/---

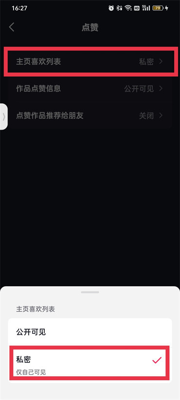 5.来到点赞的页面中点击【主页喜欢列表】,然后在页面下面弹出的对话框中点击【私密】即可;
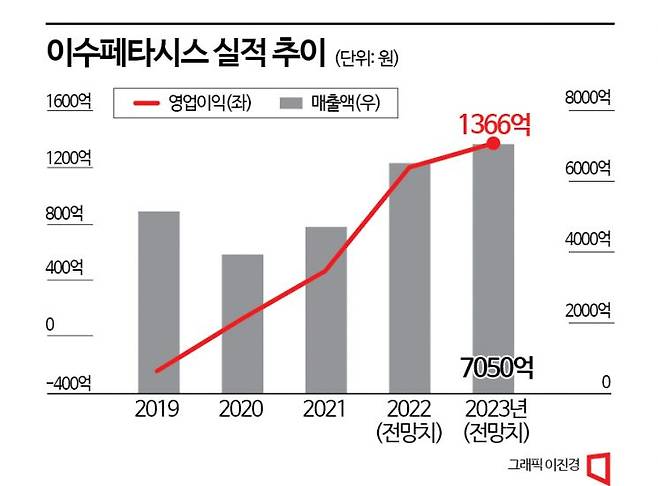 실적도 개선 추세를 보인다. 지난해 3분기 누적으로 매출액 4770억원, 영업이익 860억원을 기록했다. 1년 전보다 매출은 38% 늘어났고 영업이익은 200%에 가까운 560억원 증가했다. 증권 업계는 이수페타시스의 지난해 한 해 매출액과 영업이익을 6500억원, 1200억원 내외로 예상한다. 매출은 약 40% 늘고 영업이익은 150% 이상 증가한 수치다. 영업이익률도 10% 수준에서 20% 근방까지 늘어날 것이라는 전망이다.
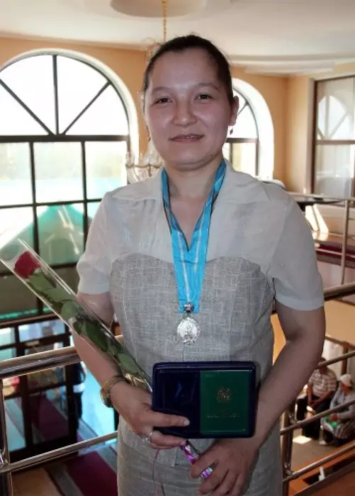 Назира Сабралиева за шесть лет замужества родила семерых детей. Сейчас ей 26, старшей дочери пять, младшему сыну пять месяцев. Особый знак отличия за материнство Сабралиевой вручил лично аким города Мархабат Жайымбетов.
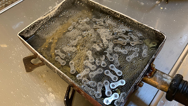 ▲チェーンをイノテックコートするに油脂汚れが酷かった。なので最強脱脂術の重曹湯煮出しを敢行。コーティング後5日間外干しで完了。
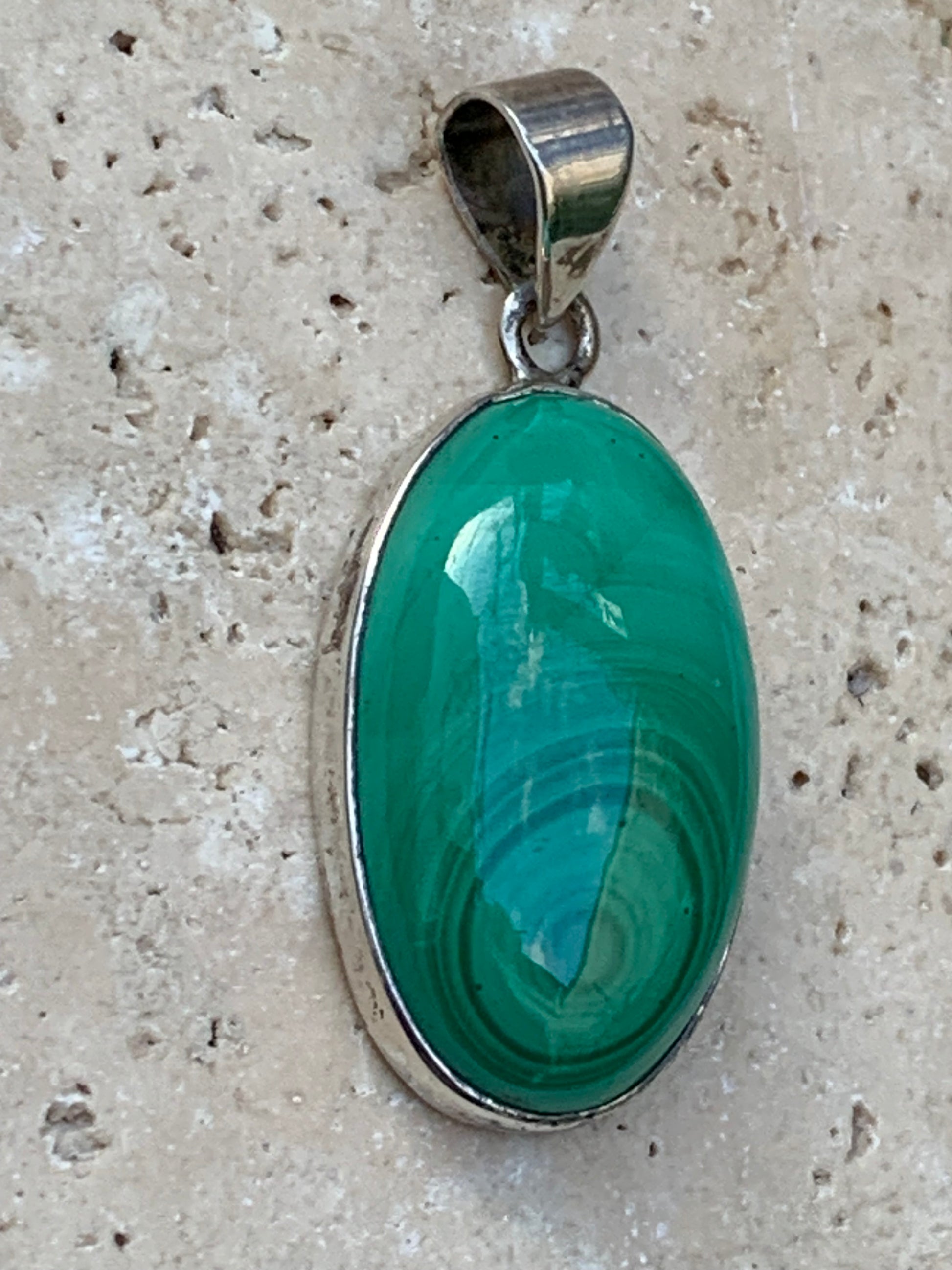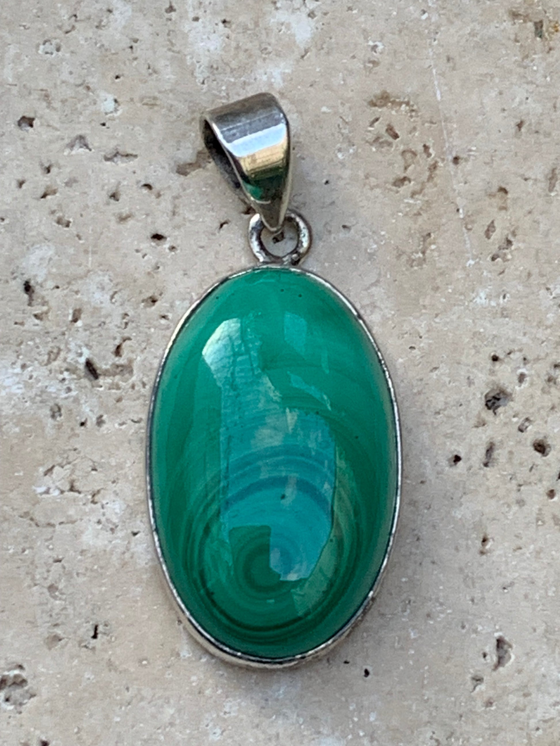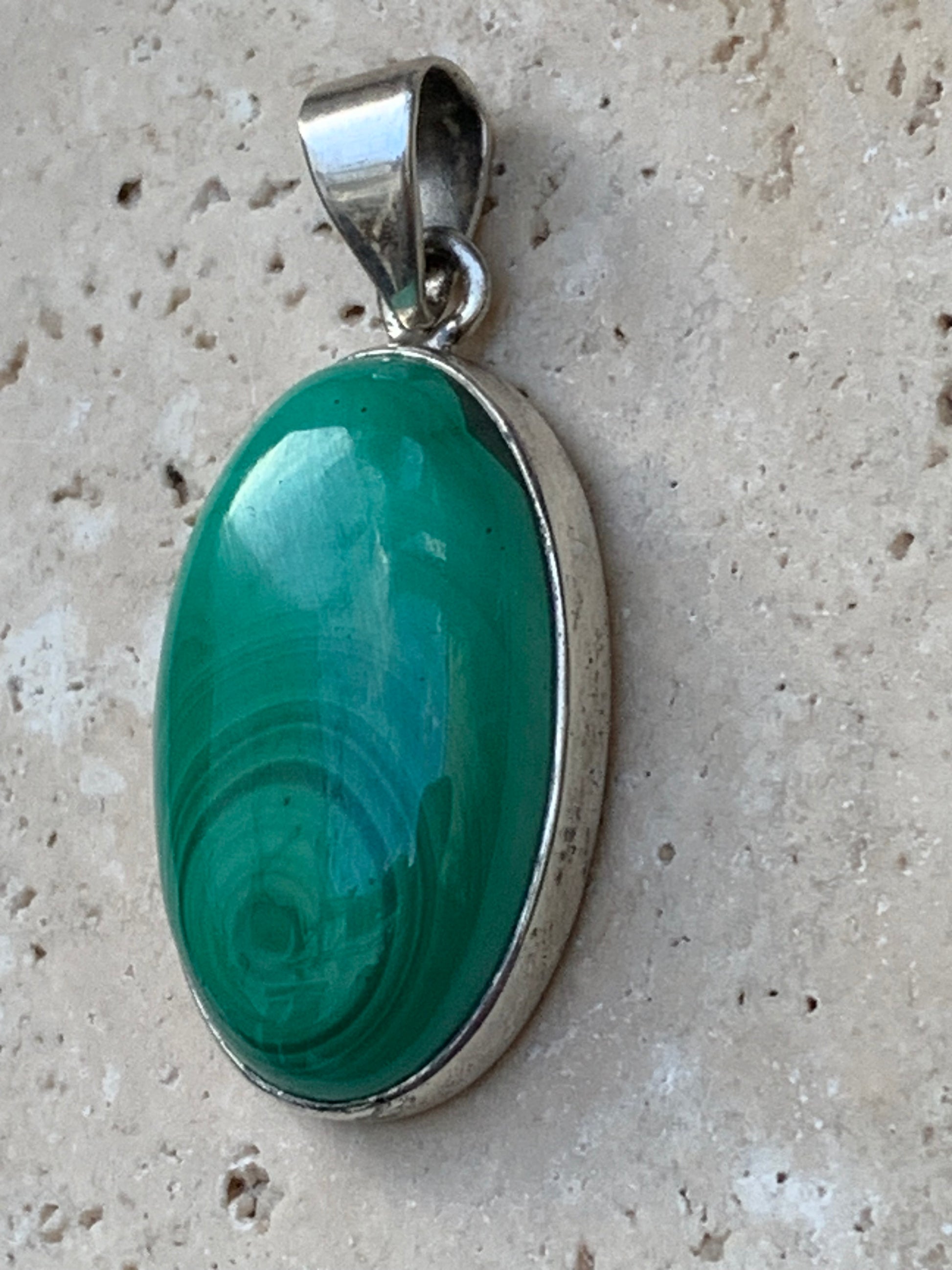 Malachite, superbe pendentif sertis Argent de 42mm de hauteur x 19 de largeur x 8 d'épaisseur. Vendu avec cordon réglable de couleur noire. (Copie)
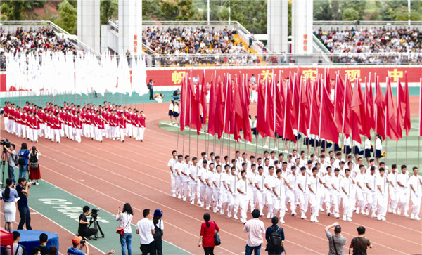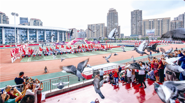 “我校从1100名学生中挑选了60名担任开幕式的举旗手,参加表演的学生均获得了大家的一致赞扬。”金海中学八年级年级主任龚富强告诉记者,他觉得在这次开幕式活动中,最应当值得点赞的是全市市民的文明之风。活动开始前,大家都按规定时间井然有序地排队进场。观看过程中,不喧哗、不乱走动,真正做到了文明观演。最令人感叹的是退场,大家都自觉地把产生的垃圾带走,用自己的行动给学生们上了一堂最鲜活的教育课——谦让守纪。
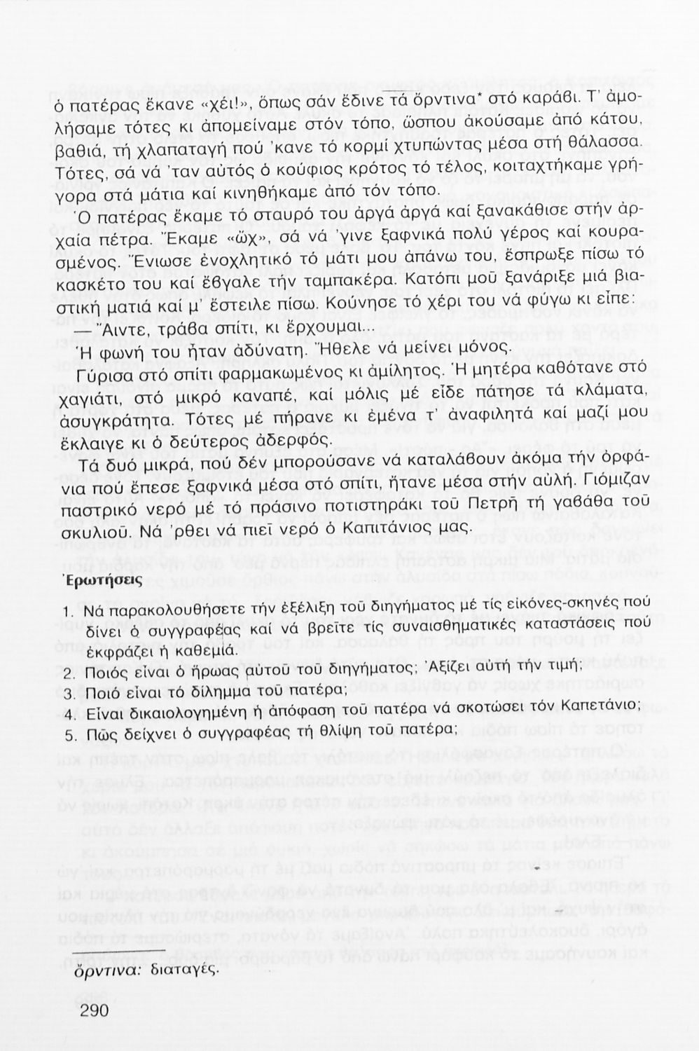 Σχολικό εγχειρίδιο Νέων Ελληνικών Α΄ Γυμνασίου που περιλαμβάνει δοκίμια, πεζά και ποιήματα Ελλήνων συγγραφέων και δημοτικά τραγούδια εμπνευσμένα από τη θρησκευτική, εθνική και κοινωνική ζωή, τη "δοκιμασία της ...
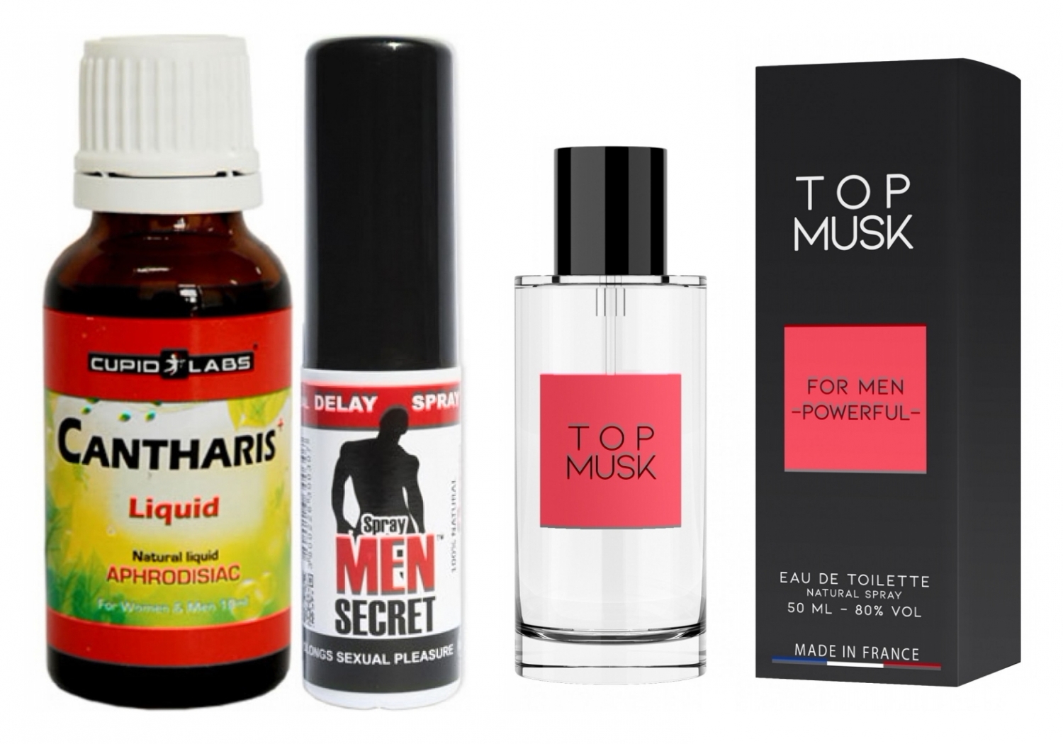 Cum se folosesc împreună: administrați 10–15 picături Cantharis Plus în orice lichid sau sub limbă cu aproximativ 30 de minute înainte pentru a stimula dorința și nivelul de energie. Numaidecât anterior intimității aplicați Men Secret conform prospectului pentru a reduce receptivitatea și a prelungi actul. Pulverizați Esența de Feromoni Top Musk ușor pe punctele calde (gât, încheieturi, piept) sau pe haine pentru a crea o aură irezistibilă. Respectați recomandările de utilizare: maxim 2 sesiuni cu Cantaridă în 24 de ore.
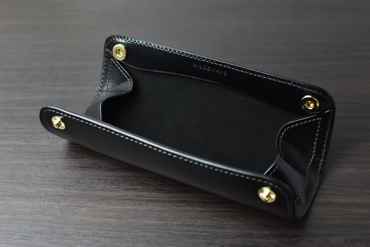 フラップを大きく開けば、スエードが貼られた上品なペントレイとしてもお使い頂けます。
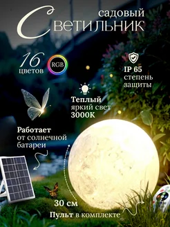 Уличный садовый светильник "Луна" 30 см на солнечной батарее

\---

Exercise requirements:
A verbatim transcription of the records, pictures excluded, is the required output.

Result of the task:
 5.来到点赞的页面中点击【主页喜欢列表】,然后在页面下面弹出的对话框中点击【私密】即可;
 실적도 개선 추세를 보인다. 지난해 3분기 누적으로 매출액 4770억원, 영업이익 860억원을 기록했다. 1년 전보다 매출은 38% 늘어났고 영업이익은 200%에 가까운 560억원 증가했다. 증권 업계는 이수페타시스의 지난해 한 해 매출액과 영업이익을 6500억원, 1200억원 내외로 예상한다. 매출은 약 40% 늘고 영업이익은 150% 이상 증가한 수치다. 영업이익률도 10% 수준에서 20% 근방까지 늘어날 것이라는 전망이다.
 Назира Сабралиева за шесть лет замужества родила семерых детей. Сейчас ей 26, старшей дочери пять, младшему сыну пять месяцев. Особый знак отличия за материнство Сабралиевой вручил лично аким города Мархабат Жайымбетов.
 ▲チェーンをイノテックコートするに油脂汚れが酷かった。なので最強脱脂術の重曹湯煮出しを敢行。コーティング後5日間外干しで完了。
 Malachite, superbe pendentif sertis Argent de 42mm de hauteur x 19 de largeur x 8 d'épaisseur. Vendu avec cordon réglable de couleur noire. (Copie)
 “我校从1100名学生中挑选了60名担任开幕式的举旗手,参加表演的学生均获得了大家的一致赞扬。”金海中学八年级年级主任龚富强告诉记者,他觉得在这次开幕式活动中,最应当值得点赞的是全市市民的文明之风。活动开始前,大家都按规定时间井然有序地排队进场。观看过程中,不喧哗、不乱走动,真正做到了文明观演。最令人感叹的是退场,大家都自觉地把产生的垃圾带走,用自己的行动给学生们上了一堂最鲜活的教育课——谦让守纪。
 Σχολικό εγχειρίδιο Νέων Ελληνικών Α΄ Γυμνασίου που περιλαμβάνει δοκίμια, πεζά και ποιήματα Ελλήνων συγγραφέων και δημοτικά τραγούδια εμπνευσμένα από τη θρησκευτική, εθνική και κοινωνική ζωή, τη "δοκιμασία της ...
 Cum se folosesc împreună: administrați 10–15 picături Cantharis Plus în orice lichid sau sub limbă cu aproximativ 30 de minute înainte pentru a stimula dorința și nivelul de energie. Numaidecât anterior intimității aplicați Men Secret conform prospectului pentru a reduce receptivitatea și a prelungi actul. Pulverizați Esența de Feromoni Top Musk ușor pe punctele calde (gât, încheieturi, piept) sau pe haine pentru a crea o aură irezistibilă. Respectați recomandările de utilizare: maxim 2 sesiuni cu Cantaridă în 24 de ore.
 フラップを大きく開けば、スエードが貼られた上品なペントレイとしてもお使い頂けます。
 Уличный садовый светильник "Луна" 30 см на солнечной батарее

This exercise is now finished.